Previous Topic Next Topic
 
classic Classic list List threaded Threaded
9 messages Options
Reply | Threaded
Open this post in threaded view
|

A minor issue with register allocator

Igor Stasenko
I'm currently testing my asm-parser.

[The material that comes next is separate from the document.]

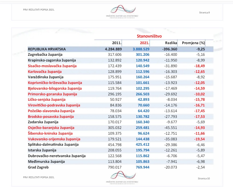 Vukovarsko-srijemska županija u 10 godina izgubila je 35.083 stanovnika (19,54 posto u odnosu na popis 2011.), Sisačko-moslavačka županija 31.890 stanovnika (18,49 posto), a Brodsko-posavska županija 27.793 stanovnika (17,53 posto), pokazuju prvi rezultati Popisa stanovništva, kućanstava i stanova 2021. kojeg je tijekom prošle godine proveo Državni zavod za statistiku (DZS).

And found it generates unneeded
instruction (mov eax,eax):
code of asm method:

message4: arg1 with: arg2
        | b c |
        self pragma: #cdecl.
        c := arg1 + arg2.
        b := arg1 / arg2.
        ^ c + b

produced intermediate by parser:
#(#(#block 1
#(#mov #(#add #(#argument #arg1) #(#argument #arg2)) #c)
#(#mov #(#div #(#argument #arg1) #(#argument #arg2) 'temp7D6') #b)
#(#return #(#add #c #b))))

then with transformed arguments and cdecl prologue/epilogue:
#(#(#block 1 #(#push #ebp) #(#mov #esp #ebp)) #(#block 3
 #(#mov #(#add #(#mem #(#add #ebp -4)) #(#mem #(#add #ebp -8))) 't1')
#(#mov #(#div #(#mem #(#add #ebp -4)) #(#mem #(#add #ebp -8)) 't3') 't2')
#(#mov #(#add 't1' 't2') #eax) #(#jmp #block2)) #(#block 2 #(#mov #ebp
#esp) #(#pop #ebp) #(#ret)))

and then i using
LowLevelOptimiser ->InstructionSelector -> ColouringRegisterAllocator
-> JumpRemover :

#(#(#block 1 #(#push #ebp) #(#mov #esp #ebp)) #(#block 3 #(#mov #(-8
#ebp) #ebx) #(#add #(-4 #ebp) #ebx) #(#mov #(-4 #ebp) #eax) #(#mov
#(-8 #ebp) #ecx) #(#cdq) #(#div #ecx)

#(#mov #eax #eax)

#(#add #ebx #eax)) #(#block 2 #(#mov #ebp #esp) #(#pop #ebp) #(#ret)))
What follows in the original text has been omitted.